RECORDS SUPPLIED >>

-----

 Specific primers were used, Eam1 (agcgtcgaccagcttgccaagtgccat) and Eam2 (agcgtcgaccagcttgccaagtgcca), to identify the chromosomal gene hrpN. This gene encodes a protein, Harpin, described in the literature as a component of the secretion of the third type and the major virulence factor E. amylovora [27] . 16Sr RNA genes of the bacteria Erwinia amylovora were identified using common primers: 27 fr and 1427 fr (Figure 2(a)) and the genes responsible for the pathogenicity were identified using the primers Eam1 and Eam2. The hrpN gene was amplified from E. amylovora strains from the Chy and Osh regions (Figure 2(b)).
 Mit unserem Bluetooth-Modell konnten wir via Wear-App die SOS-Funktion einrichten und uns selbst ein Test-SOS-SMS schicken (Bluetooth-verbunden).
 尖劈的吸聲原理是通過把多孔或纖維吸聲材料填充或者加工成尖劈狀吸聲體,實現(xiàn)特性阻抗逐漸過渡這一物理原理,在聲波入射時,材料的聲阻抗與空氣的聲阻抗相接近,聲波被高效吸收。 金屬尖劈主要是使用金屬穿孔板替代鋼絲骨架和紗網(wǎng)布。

-----

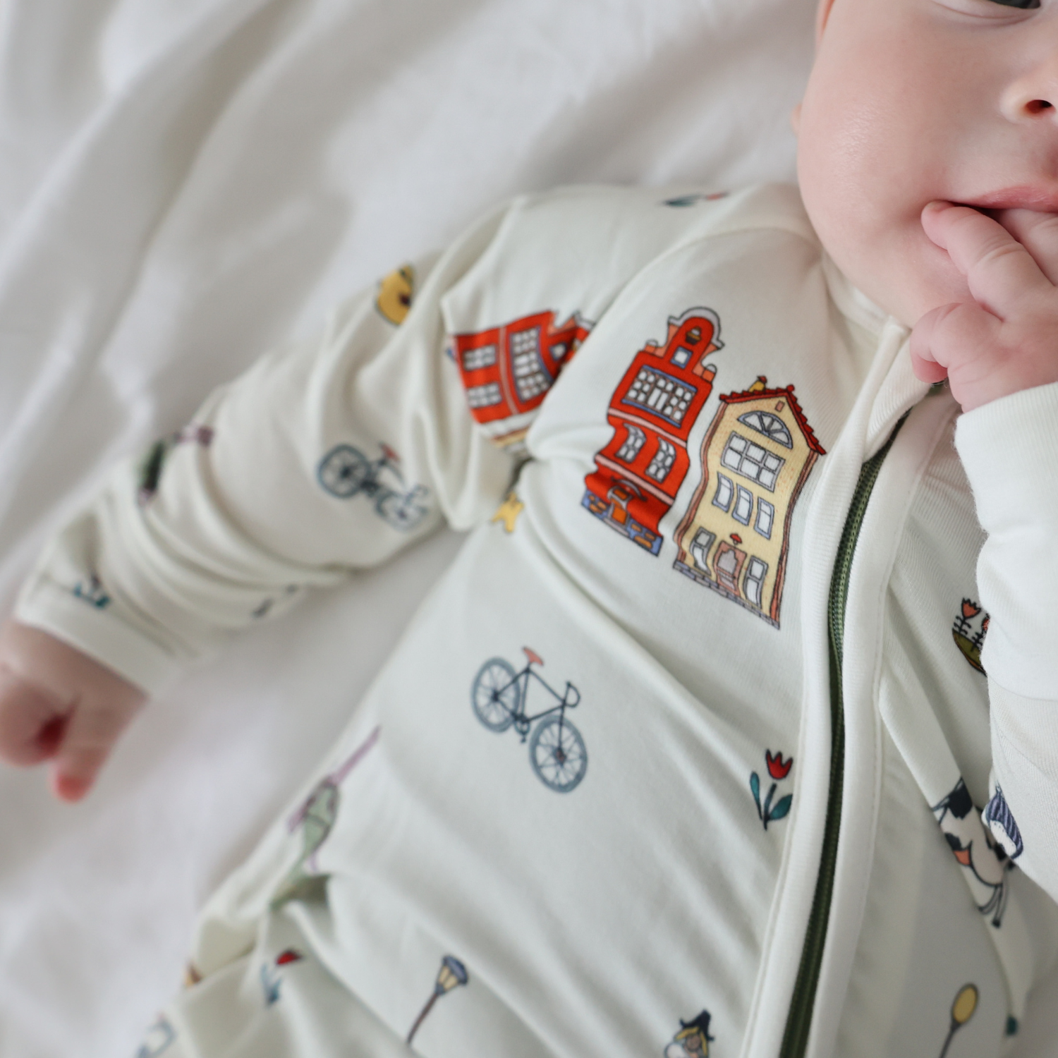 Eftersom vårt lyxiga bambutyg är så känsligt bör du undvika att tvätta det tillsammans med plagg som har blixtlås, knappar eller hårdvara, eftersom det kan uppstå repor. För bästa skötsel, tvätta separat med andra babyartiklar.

-----

EXERCISE AIM >>
Working from the records above, write out verbatim only the lines from the line containing "Specific primers were" through the line containing "尖劈的吸聲原理是通過把多孔或".

REPLY >>
 Specific primers were used, Eam1 (agcgtcgaccagcttgccaagtgccat) and Eam2 (agcgtcgaccagcttgccaagtgcca), to identify the chromosomal gene hrpN. This gene encodes a protein, Harpin, described in the literature as a component of the secretion of the third type and the major virulence factor E. amylovora [27] . 16Sr RNA genes of the bacteria Erwinia amylovora were identified using common primers: 27 fr and 1427 fr (Figure 2(a)) and the genes responsible for the pathogenicity were identified using the primers Eam1 and Eam2. The hrpN gene was amplified from E. amylovora strains from the Chy and Osh regions (Figure 2(b)).
 Mit unserem Bluetooth-Modell konnten wir via Wear-App die SOS-Funktion einrichten und uns selbst ein Test-SOS-SMS schicken (Bluetooth-verbunden).
 尖劈的吸聲原理是通過把多孔或纖維吸聲材料填充或者加工成尖劈狀吸聲體,實現(xiàn)特性阻抗逐漸過渡這一物理原理,在聲波入射時,材料的聲阻抗與空氣的聲阻抗相接近,聲波被高效吸收。 金屬尖劈主要是使用金屬穿孔板替代鋼絲骨架和紗網(wǎng)布。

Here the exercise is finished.